Transforme les comptes rendus d'hospitalisation (CRH) et fiches Trackare en dossiers structures, codes et valorises.
## Architecture
```
input/ PDFs bruts (CRH, Trackare, anapath, bacterio)
|
v
[Extraction] pdfplumber / OCR / DOCX / images
|
v
[Anonymisation] CamemBERT NER + regex (PHI -> pseudonymes)
|
v
[Codage CIM-10] LLM local (Ollama) + RAG FAISS + regles ATIH
| diagnostic_extraction -> validation_pipeline
v
[Arbitrage DP] dp_selector (LLM) -> dp_finalizer (deterministe)
| Trackare vs CRH-only, traçabilite audit
v
[Qualite] veto_engine (contestabilite) + decision_engine
| completude (checklist documents) + severity (CMA)
v
[CPAM] cpam_parser + cpam_response (contre-argumentation LLM)
| guardian deterministe + validation adversariale
v
output/ JSON structures, rapports, export RUM
|
v
[Viewer Flask] Dashboard, detail dossier, synthese DIM, CPAM, validation
```
## Modules principaux
| Module | Role |
|--------|------|
| `src/extraction/` | Parsers PDF, DOCX, images, OCR, classification documents |
| `src/anonymization/` | Anonymisation NER + regex, registre d'entites |
| `src/medical/` | CIM-10, CCAM, biologie, RAG FAISS, LLM Ollama, fusion multi-documents |
| `src/quality/` | Moteur de vetos deterministe, decisions, completude, routage regles |
| `src/control/` | Controles CPAM, contre-argumentation, validation adversariale |
| `src/viewer/` | Application Flask (dashboard, detail, DIM, admin, regles) |
| `config/` | 12 fichiers YAML de regles editables via l'interface web |
## Moteur de regles
Le pipeline utilise un **moteur de regles 100% deterministe** (pas de LLM) pour :
- **Vetos** : bloquer les codes sans preuve, negatifs, doublons, contradictions bio
- **Decisions** : downgrade, ecartement, promotion DP
- **Conflits** : exclusions mutuelles CIM-10, incompatibilites
- **Bio** : contradiction labo vs diagnostic code
- **Completude** : checklist documents manquants
Toutes les regles sont dans `config/*.yaml` et editables via `/admin/rules`.
## RAG (Retrieval-Augmented Generation)
Index FAISS avec ~23 000 vecteurs issus de :
- CIM-10 FR 2026, Guide Methodologique MCO 2026, CCAM V4
- 30 referentiels supplementaires (COCOA 2025, fascicules ATIH, etc.)

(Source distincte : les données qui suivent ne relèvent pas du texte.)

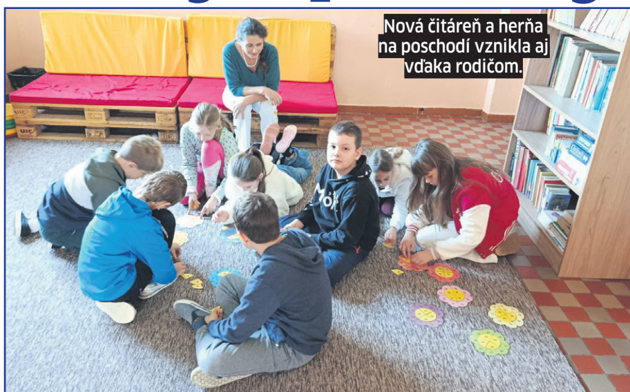
Nová čítareň a herňa na poschodí vznikla aj vďaka rodičom.

Kamarátstvo je fajn, no niekedy môže byť nebezpečné. Koncom októbra sa
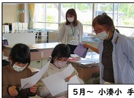
5月～ 小湊小 手芸クラブの支援
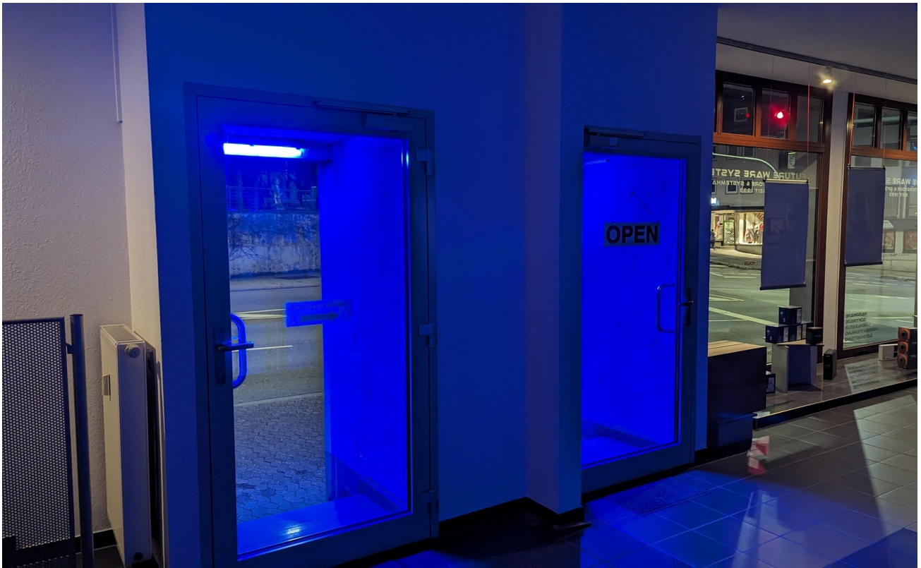
Eingang Vorne bei Nacht
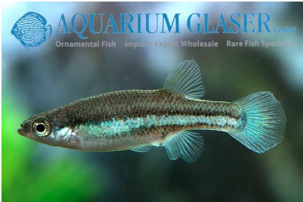
Ataeniobius toweri , han.

Ataeniobius toweri adskiller sig fra alle andre Goodeinae ved, at yngelen, som allerede er ret stor ved fødslen, mangler fødeårde (trofotaenia) på deres bug. Alle andre Goodeinae har disse. Trofotaenierne tjener til at nære yngelen i livmoderen under drægtighedsperioden. I modsætning til levendefødte tandkarper (f.eks. guppyer, platies, mollies osv.) er Goodeinae-arten "ægte levendefødte", hvilket betyder, at ungerne klækkes fra æggene i moderens livmoder og forsynes med næringsstoffer fra moderen indtil fødslen. Hos levendefødte tandkarper udvikler æggene sig dog i moderens krop indtil gydningen, til det punkt, hvor ungerne klækkes i gydeøjeblikket. Derfor kaldes de "æglevendefødte fisk".
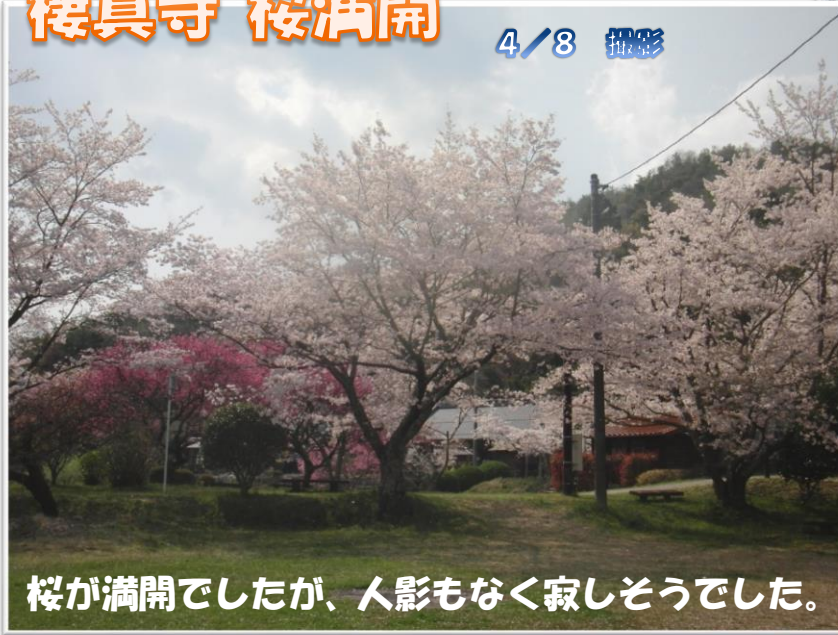
桜が満開でしたが、人影もなく寂しそうでした。
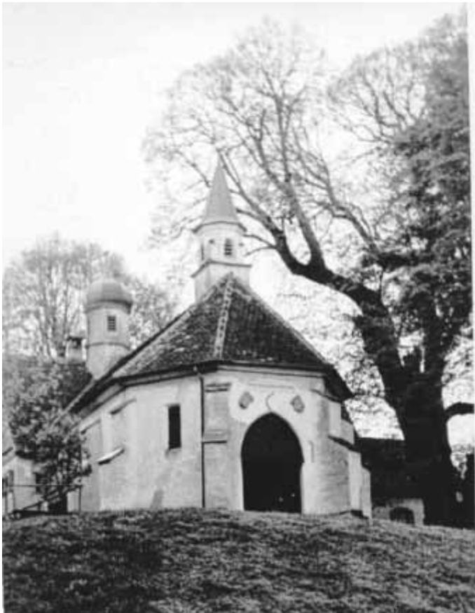
Die obere Berglinde vor dem Blitzeinschlag
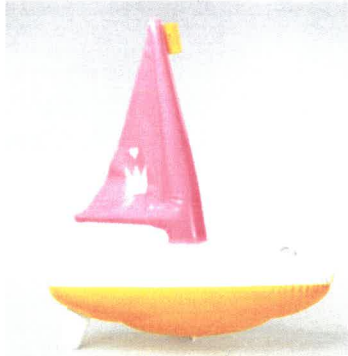
HS 240242_2 LODIČKA Princezna
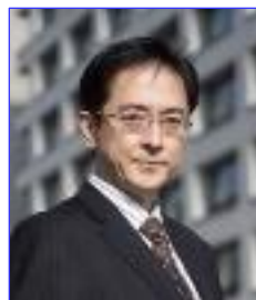
講演 総務省審議官 箕浦龍一氏
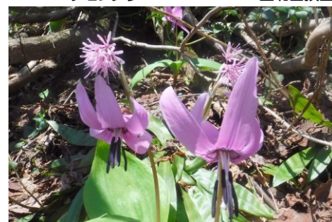
カタクリとショウジョウバカマ
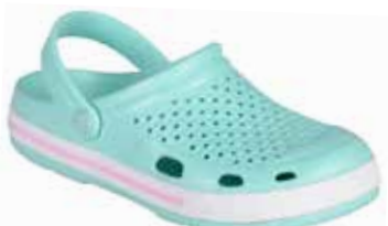
LINDO LT MINT/WHITE 6413-100-4432A 6413-100-4432B rozmiary: 36-42 2-2-4-4-4-2-2
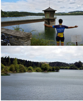
Embalse de La Granda

- Embeddings : `sentence-camembert-large` (francais medical)
Separation en 3 index : `ref` (referentiels), `proc` (procedures), `bio` (biologie).
## Installation
```bash
# Prerequis : Python 3.11+, Ollama avec gemma3:27b
git clone <repo> && cd t2a_v2
python -m venv .venv && source .venv/bin/activate
pip install -e ".[dev]"
# Variables d'environnement (.env)
OLLAMA_URL=http://localhost:11434
T2A_MODEL_CODING=gemma3:27b
T2A_MODEL_CPAM=mistral-small3.2:24b
# ANTHROPIC_API_KEY=sk-... (optionnel, fallback cloud)
```
## Utilisation
```bash
# Pipeline CLI : traiter des PDFs
python -m src.main input/dossier/
# Reconstruire l'index RAG
python -m src.main --rebuild-index
# Viewer web (developpement)
python -m src.viewer
# Viewer web (production)
gunicorn -c gunicorn.conf.py 'src.viewer:create_app()'
```
## Tests
```bash
pytest # 239+ tests, ~10s
pytest -k test_viewer # Tests viewer uniquement
pytest -k test_cpam # Tests CPAM
```
## Structure des donnees
Chaque dossier produit un JSON structure (`DossierMedical` Pydantic) contenant :
- `diagnostic_principal` : code CIM-10, confiance, justification, source
- `diagnostics_associes` : DAS avec decisions (KEEP/DOWNGRADE/REMOVE/RULED_OUT)
- `actes_ccam` : actes codes
- `veto_report` : score de contestabilite (0-10), issues detectees
- `completude` : checklist, score, verdict
- `ghm_estimation` : GHM, severite, valorisation estimee
- `controles_cpam` : contre-argumentations generees
## Deploiement
Service systemd inclus (`t2a-viewer.service`), config gunicorn (`gunicorn.conf.py`).
Auth HTTP Basic configurable via `T2A_DEMO_USER` / `T2A_DEMO_PASS`.